Task instructions: The data below contains pictures, which are to be skipped; the lines starting at the line with "W kolejnych etapach" and ending at the line with "这款衣服是AAAAA 1:1 质量" are to be output exactly, both ends included.

Listed entries:
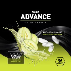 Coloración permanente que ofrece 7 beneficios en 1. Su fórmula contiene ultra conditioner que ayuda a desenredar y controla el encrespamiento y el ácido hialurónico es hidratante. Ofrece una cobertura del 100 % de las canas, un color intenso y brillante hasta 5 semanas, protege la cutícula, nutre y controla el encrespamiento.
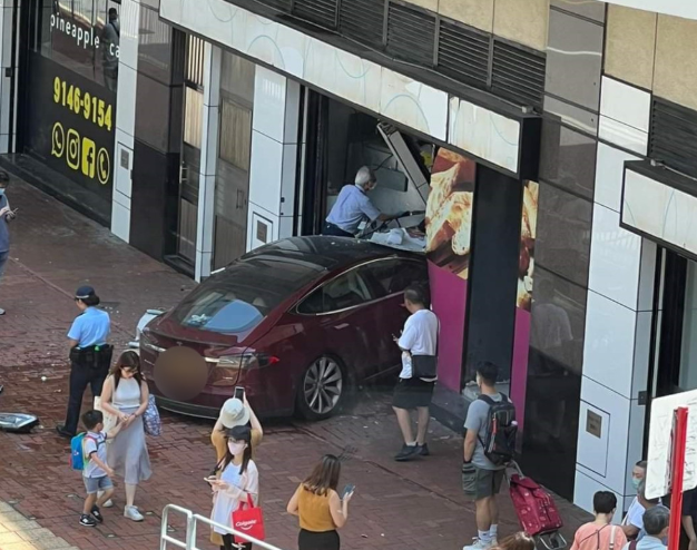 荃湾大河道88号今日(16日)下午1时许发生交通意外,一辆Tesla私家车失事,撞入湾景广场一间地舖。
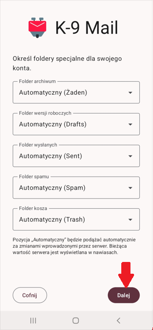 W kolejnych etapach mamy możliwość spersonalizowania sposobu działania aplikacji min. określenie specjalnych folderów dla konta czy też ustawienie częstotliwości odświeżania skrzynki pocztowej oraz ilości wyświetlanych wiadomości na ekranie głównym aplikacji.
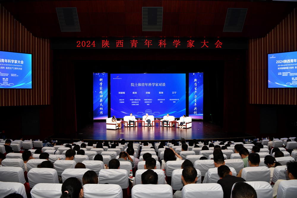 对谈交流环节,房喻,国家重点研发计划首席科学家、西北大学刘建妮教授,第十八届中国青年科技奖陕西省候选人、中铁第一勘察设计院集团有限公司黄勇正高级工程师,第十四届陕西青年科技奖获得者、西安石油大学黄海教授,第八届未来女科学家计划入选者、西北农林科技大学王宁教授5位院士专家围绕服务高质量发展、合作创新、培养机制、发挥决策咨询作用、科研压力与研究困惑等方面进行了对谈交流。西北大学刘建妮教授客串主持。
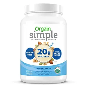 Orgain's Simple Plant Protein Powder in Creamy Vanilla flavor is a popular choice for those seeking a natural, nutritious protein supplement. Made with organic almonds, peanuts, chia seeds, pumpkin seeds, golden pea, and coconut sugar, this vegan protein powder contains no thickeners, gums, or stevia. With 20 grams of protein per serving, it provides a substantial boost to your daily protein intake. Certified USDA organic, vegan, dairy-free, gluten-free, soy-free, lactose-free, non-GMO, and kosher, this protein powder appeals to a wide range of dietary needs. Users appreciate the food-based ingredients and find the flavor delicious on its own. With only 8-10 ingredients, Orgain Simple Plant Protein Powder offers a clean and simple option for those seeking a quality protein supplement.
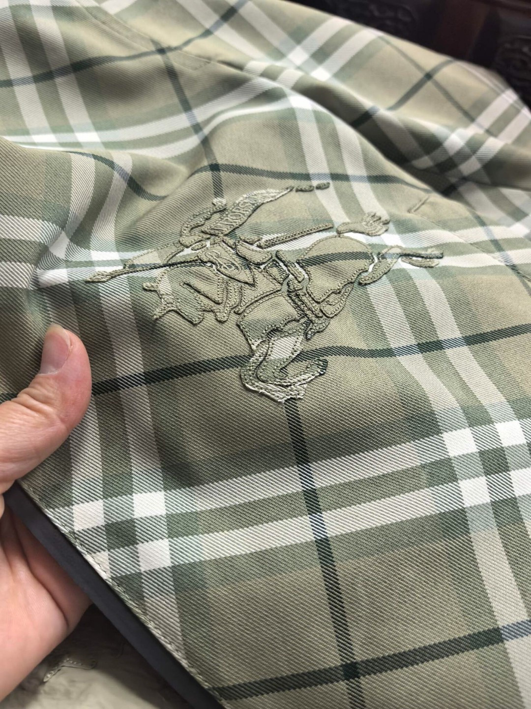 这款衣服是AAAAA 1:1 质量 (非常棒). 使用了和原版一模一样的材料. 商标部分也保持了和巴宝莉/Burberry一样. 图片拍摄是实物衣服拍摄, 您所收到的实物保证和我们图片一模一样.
==
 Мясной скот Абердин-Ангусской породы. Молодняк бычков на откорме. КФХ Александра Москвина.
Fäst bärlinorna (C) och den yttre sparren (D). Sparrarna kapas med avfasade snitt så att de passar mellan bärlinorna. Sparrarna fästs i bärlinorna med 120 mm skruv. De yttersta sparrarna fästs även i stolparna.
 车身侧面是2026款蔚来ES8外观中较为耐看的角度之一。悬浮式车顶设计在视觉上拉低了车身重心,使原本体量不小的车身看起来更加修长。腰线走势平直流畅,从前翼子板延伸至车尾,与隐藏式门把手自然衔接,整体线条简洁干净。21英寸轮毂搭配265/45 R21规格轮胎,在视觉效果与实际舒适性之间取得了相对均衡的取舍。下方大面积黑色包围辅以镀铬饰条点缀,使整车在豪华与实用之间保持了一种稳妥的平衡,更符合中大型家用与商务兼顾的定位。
---
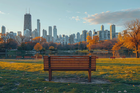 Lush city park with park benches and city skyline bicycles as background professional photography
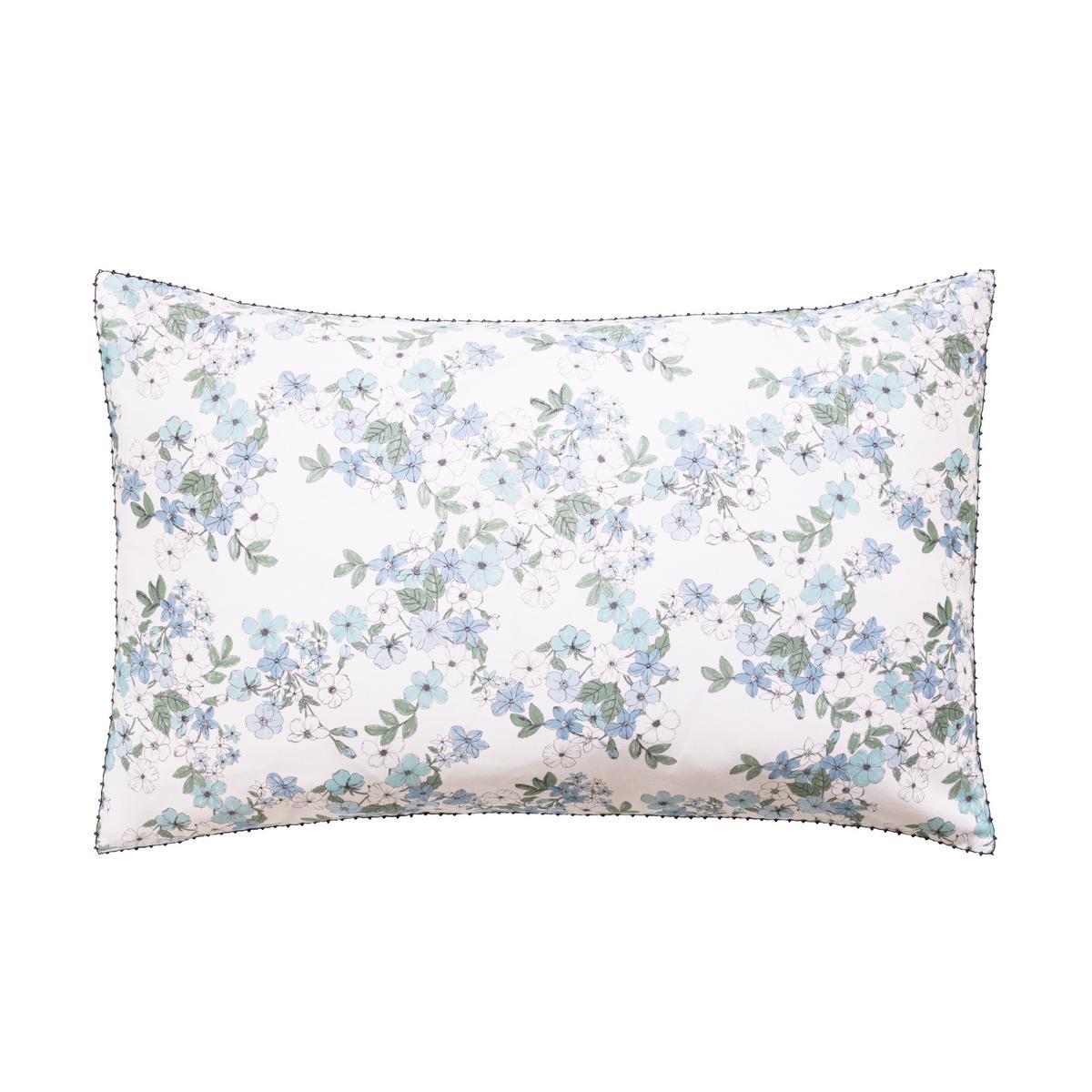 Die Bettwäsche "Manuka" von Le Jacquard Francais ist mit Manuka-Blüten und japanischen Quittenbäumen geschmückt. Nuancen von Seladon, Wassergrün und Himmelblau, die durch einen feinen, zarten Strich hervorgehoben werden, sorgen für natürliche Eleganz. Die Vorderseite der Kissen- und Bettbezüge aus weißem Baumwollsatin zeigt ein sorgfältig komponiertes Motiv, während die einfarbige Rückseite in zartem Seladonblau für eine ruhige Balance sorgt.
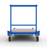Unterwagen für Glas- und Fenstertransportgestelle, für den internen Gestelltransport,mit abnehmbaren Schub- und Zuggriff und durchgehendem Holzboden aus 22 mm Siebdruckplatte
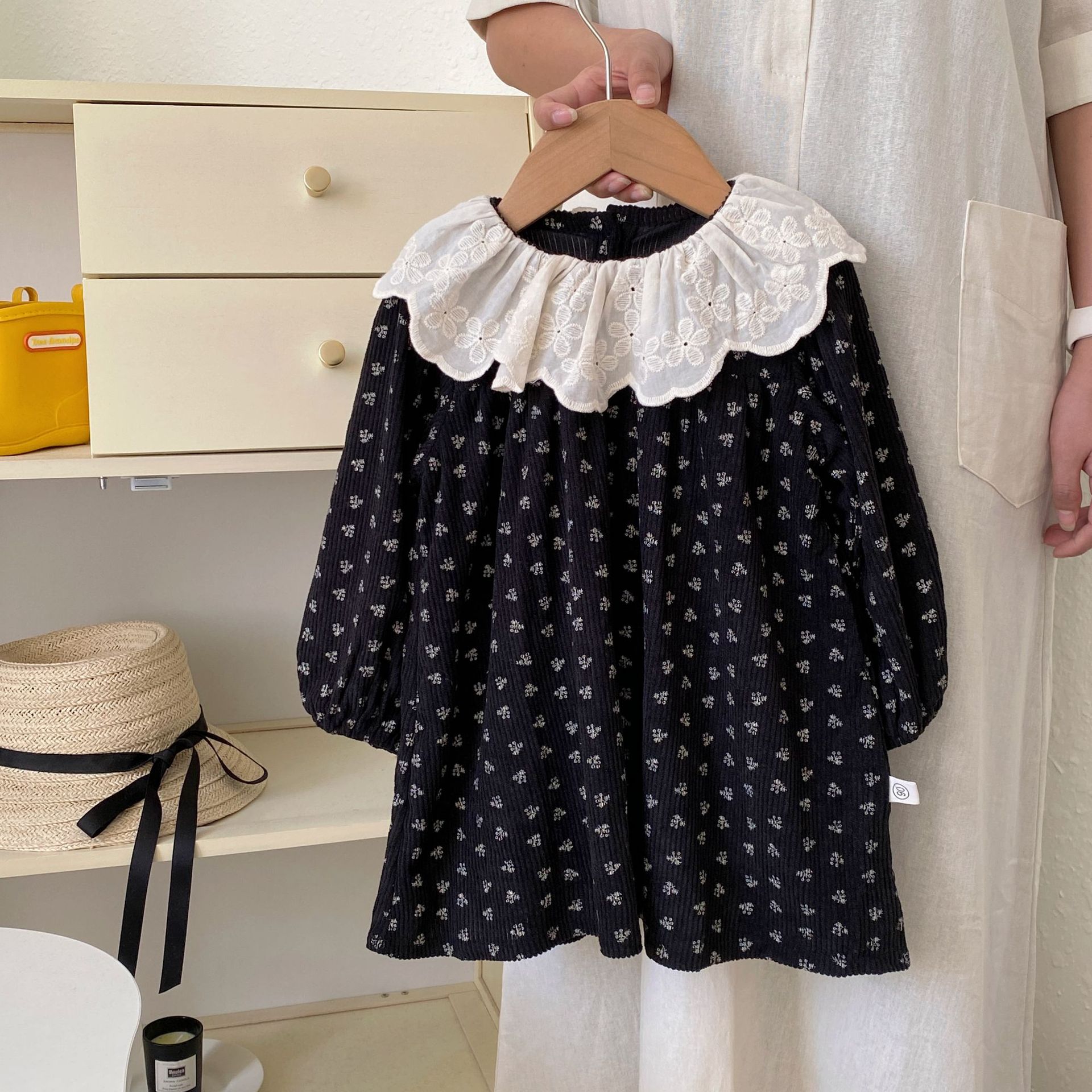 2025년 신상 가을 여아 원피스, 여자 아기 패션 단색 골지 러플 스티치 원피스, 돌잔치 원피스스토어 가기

Output for this task:
 W kolejnych etapach mamy możliwość spersonalizowania sposobu działania aplikacji min. określenie specjalnych folderów dla konta czy też ustawienie częstotliwości odświeżania skrzynki pocztowej oraz ilości wyświetlanych wiadomości na ekranie głównym aplikacji.
 对谈交流环节,房喻,国家重点研发计划首席科学家、西北大学刘建妮教授,第十八届中国青年科技奖陕西省候选人、中铁第一勘察设计院集团有限公司黄勇正高级工程师,第十四届陕西青年科技奖获得者、西安石油大学黄海教授,第八届未来女科学家计划入选者、西北农林科技大学王宁教授5位院士专家围绕服务高质量发展、合作创新、培养机制、发挥决策咨询作用、科研压力与研究困惑等方面进行了对谈交流。西北大学刘建妮教授客串主持。
 Orgain's Simple Plant Protein Powder in Creamy Vanilla flavor is a popular choice for those seeking a natural, nutritious protein supplement. Made with organic almonds, peanuts, chia seeds, pumpkin seeds, golden pea, and coconut sugar, this vegan protein powder contains no thickeners, gums, or stevia. With 20 grams of protein per serving, it provides a substantial boost to your daily protein intake. Certified USDA organic, vegan, dairy-free, gluten-free, soy-free, lactose-free, non-GMO, and kosher, this protein powder appeals to a wide range of dietary needs. Users appreciate the food-based ingredients and find the flavor delicious on its own. With only 8-10 ingredients, Orgain Simple Plant Protein Powder offers a clean and simple option for those seeking a quality protein supplement.
 这款衣服是AAAAA 1:1 质量 (非常棒). 使用了和原版一模一样的材料. 商标部分也保持了和巴宝莉/Burberry一样. 图片拍摄是实物衣服拍摄, 您所收到的实物保证和我们图片一模一样.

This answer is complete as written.